Cross-Vendor MCP Interoperability
MCP servers built for Claude will work with Codex CLI and vice versa — this was already largely true, but AAIF formalises the compatibility contract. The MCP Apps specification ensures that rich UI components render consistently across clients 3.

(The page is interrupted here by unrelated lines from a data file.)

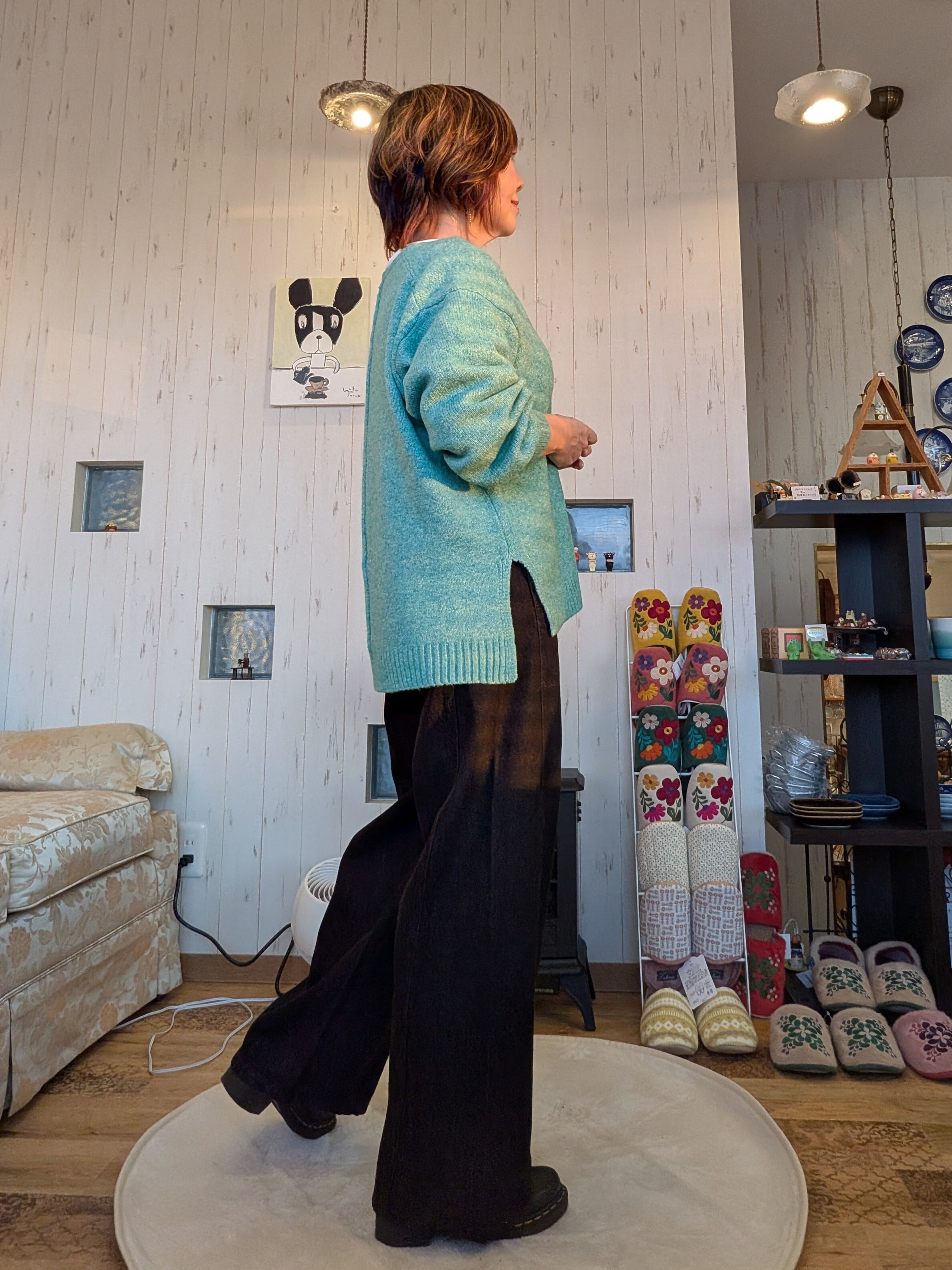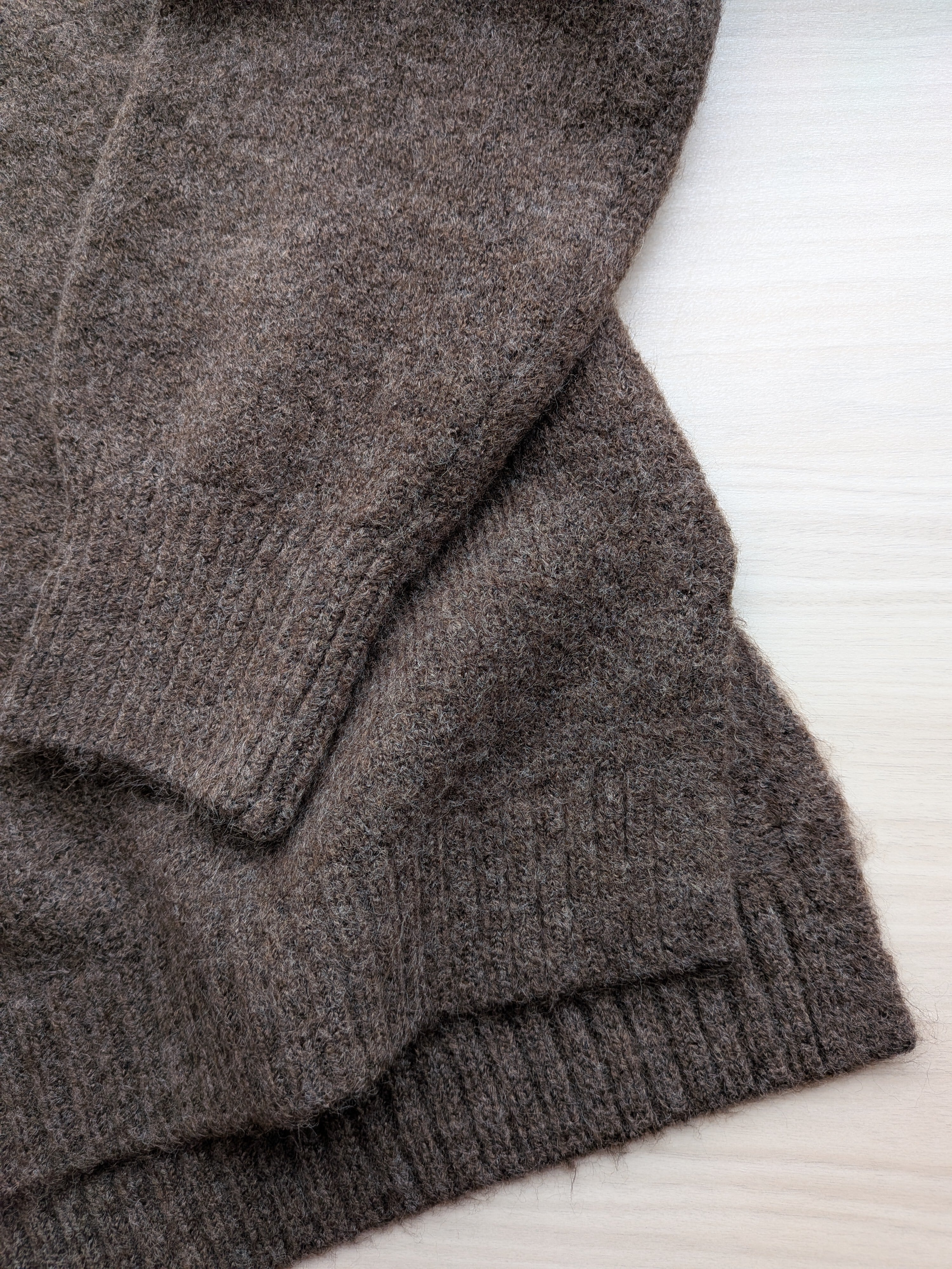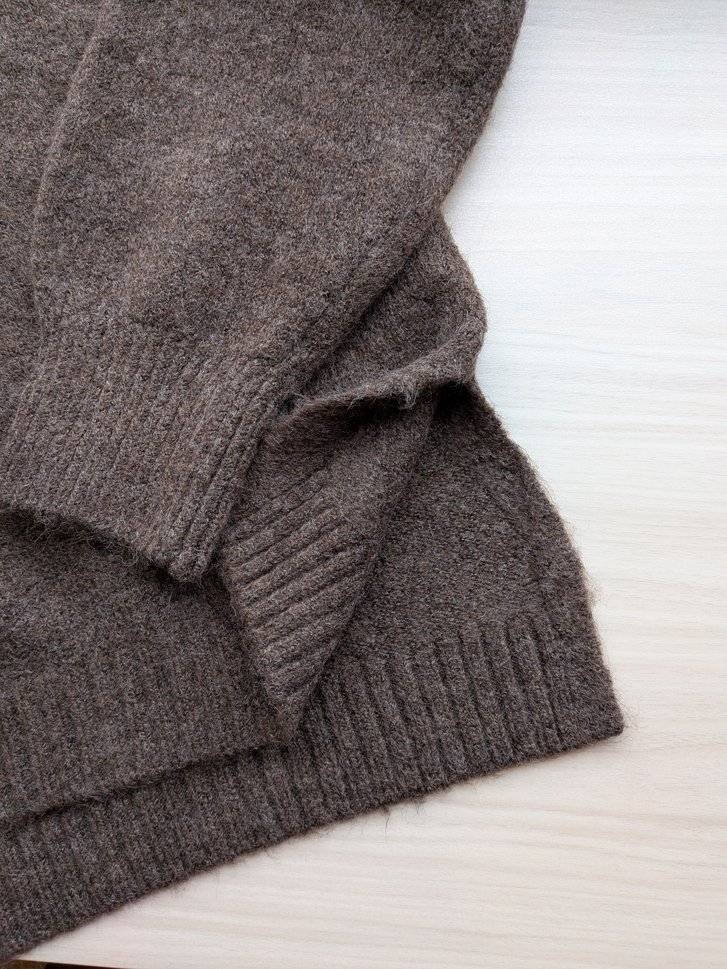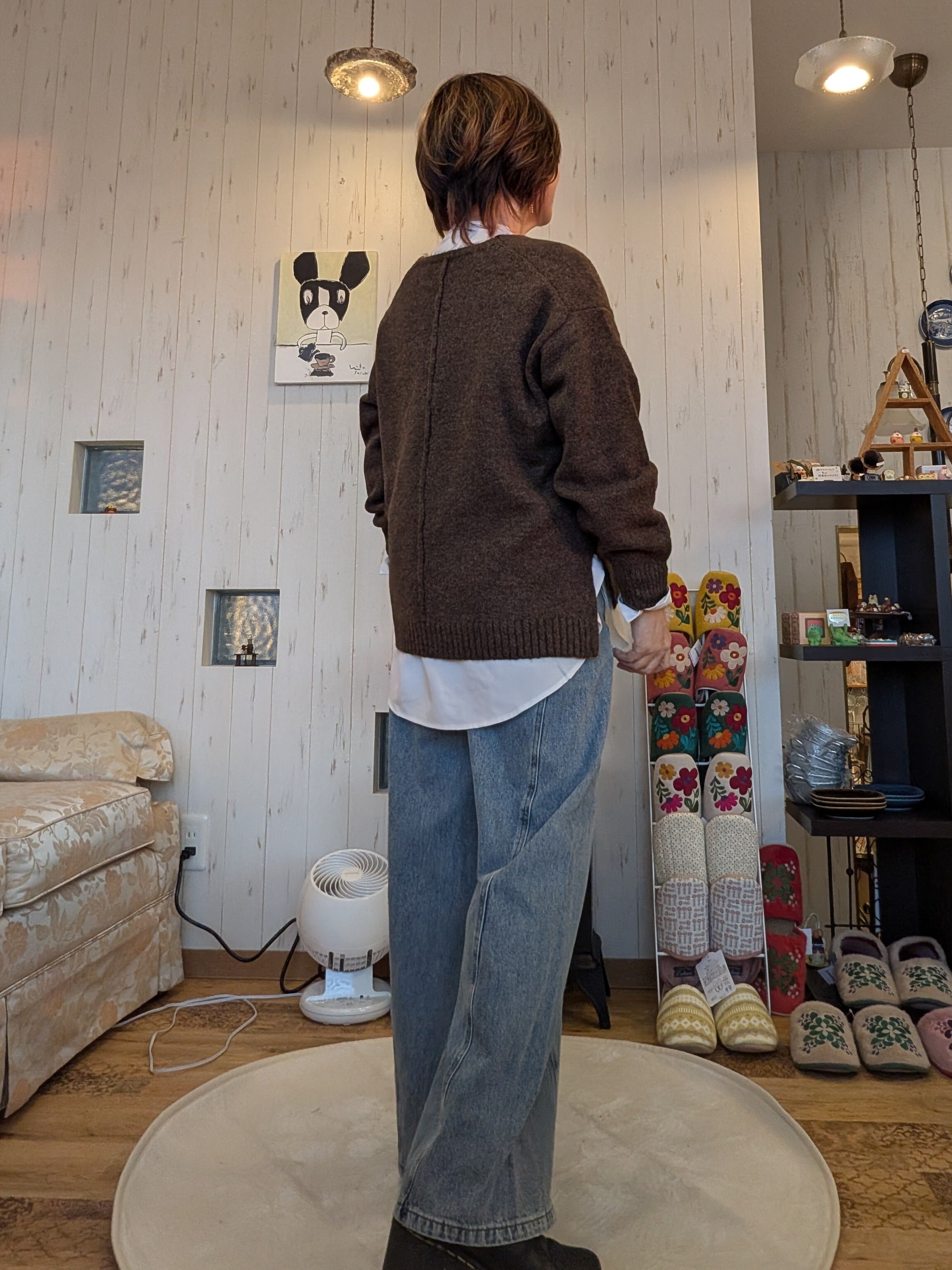 ヤク糸のように、チクチクせずふんわり軽い肌ざわりが自慢のニット。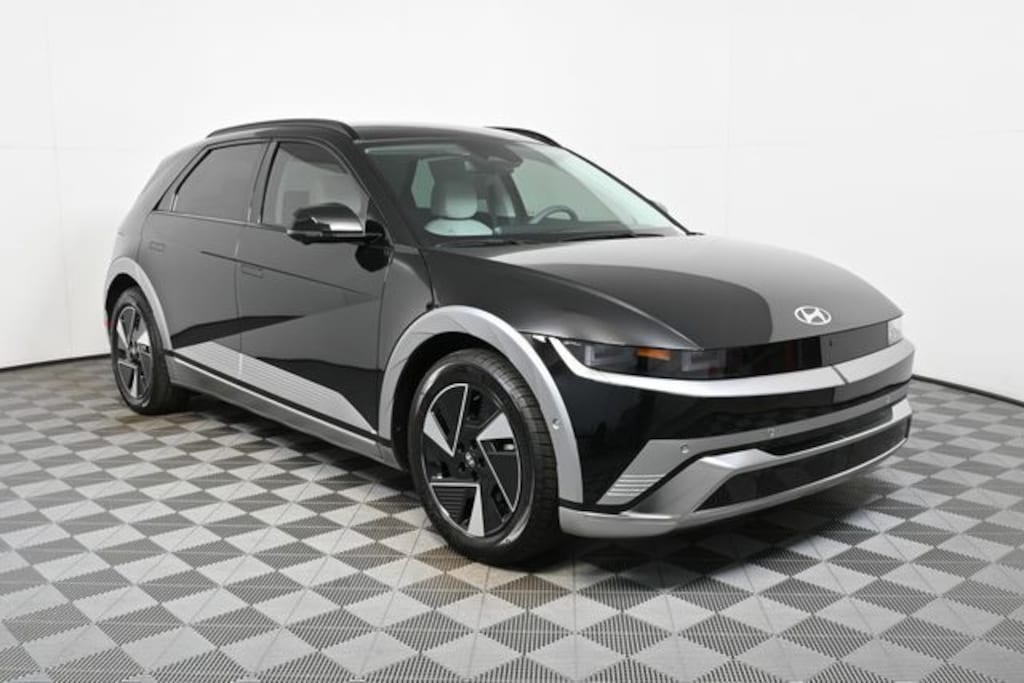 This 2026 Hyundai IONIQ 5 is equipped with 4-Wheel Disc Brakes, 8 Speakers, ABS brakes, Air Conditioning, Alloy wheels, AM/FM radio: SiriusXM, Apple CarPlay & Android Auto, Auto High-beam Headlights, Auto-dimming Rear-View mirror, Automatic temperature control, Bodyside moldings, Brake assist, Bumpers: body-color, Delay-off headlights, Driver door bin, Driver vanity mirror, Dual front impact airbags, Dual front side impact airbags, Electronic Stability Control, Emergency communication system: Bluelink+, Four wheel independent suspension, Front anti-roll bar, Front Bucket Seats, Front Center Armrest w/Storage, Front dual zone A/C, Front reading lights, Fully automatic headlights, Garage door transmitter: HomeLink, H-Tex Artifical Leather Seating Surfaces, Heads-Up Display, Heated door mirrors, Heated front seats, Heated rear seats, Heated steering wheel, Illuminated entry, Low tire pressure warning, Memory seat, Navigation System, Occupant sensing airbag, Outside temperature display, Overhead airbag, Overhead console, Panic alarm, Passenger door bin, Passenger vanity mirror, Power door mirrors, Power driver seat, Power Liftgate, Power passenger seat, Power steering, Power windows, Radio: AM/FM/SiriusXM/HD Audio System, Rain sensing wipers, Rear anti-roll bar, Rear reading lights, Rear seat center armrest, Rear side impact airbag, Rear window defroster, Rear window wiper, Remote keyless entry, Security system, Speed control, Speed-sensing steering, Split folding rear seat, Spoiler, Steering wheel mounted audio controls, Telescoping steering wheel, Tilt steering wheel, Traction control, Trip computer, Turn signal indicator mirrors, Variably intermittent wipers, Ventilated Front AND Rear Seats, Ventilated front seats, and Wheels: 19" x 7.5J Alloy. Not all rebates are compatible with all finance programs. Please see dealer for details and final price. $1500 - Hyundai HMF Dealer Choice : $1500 discount and 5.49% APR for 24 months. $44.09 per $1000 financed. Available to well qualified buyers who finance through Hyundai Motor Finance. H704. Exp. 12/01/2025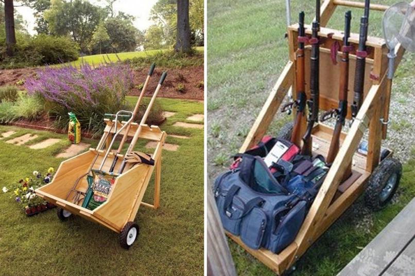На тачке для инструмента можно перевозить хоть ружья, хоть лопаты. Конструкция тележки при этом примерно одинаковая.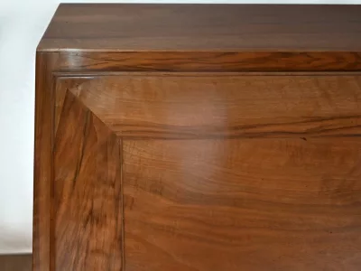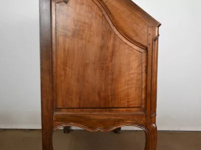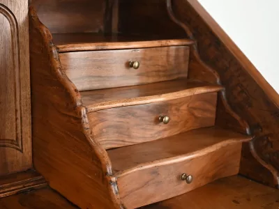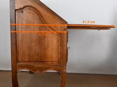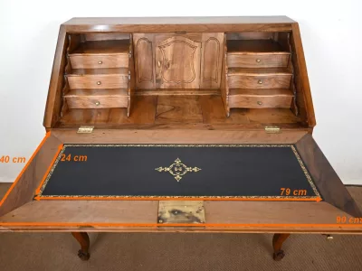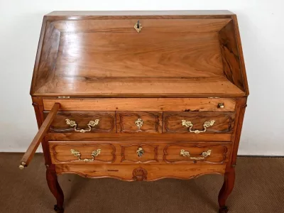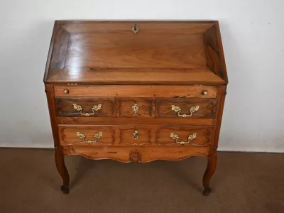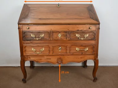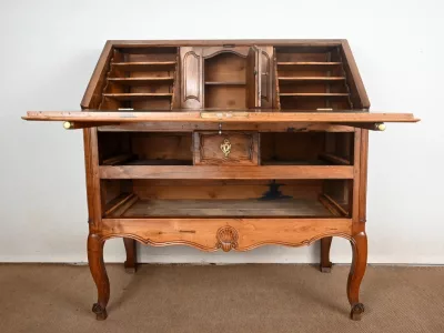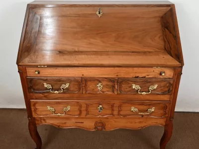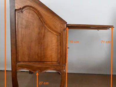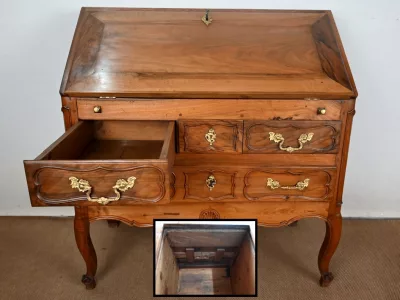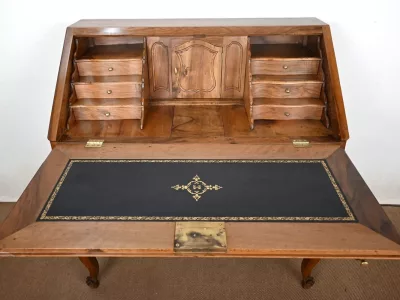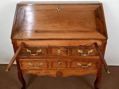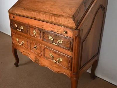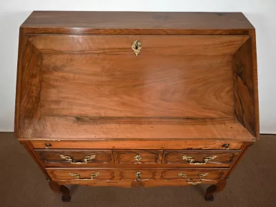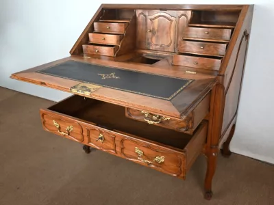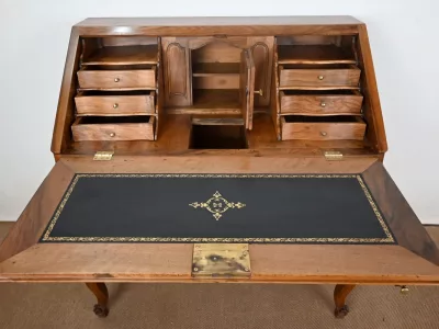 Louis XV Perios Schrägschreibtisch in Nussbaum mit passender Innenausstattung und schwarzer Lederschreibfläche. Ausgezeichneter Zustand mit einem einfachen Wachs-Finish. Kontaktieren Sie uns für die Lieferung. Referenz: 200922

Practical Steps for Codex CLI Teams
1. Audit Your AGENTS.md Structure
Ensure your project uses AGENTS.md at the repository root. If you have been using only CLAUDE.md or tool-specific configuration, add an AGENTS.md to maximise cross-agent compatibility:
# Check current state
find . -maxdepth 3 -name "AGENTS.md" -o -name "CLAUDE.md" \
-o -name "AGENTS.override.md" -o -name "copilot-instructions.md" \
2>/dev/null
2. Prepare for v1.1 Frontmatter
The proposed v1.1 spec adds optional YAML frontmatter 4. While not yet merged, adding frontmatter now is safe — agents that do not understand it will ignore it:
---
description: "Backend API service — Go 1.23, PostgreSQL, gRPC"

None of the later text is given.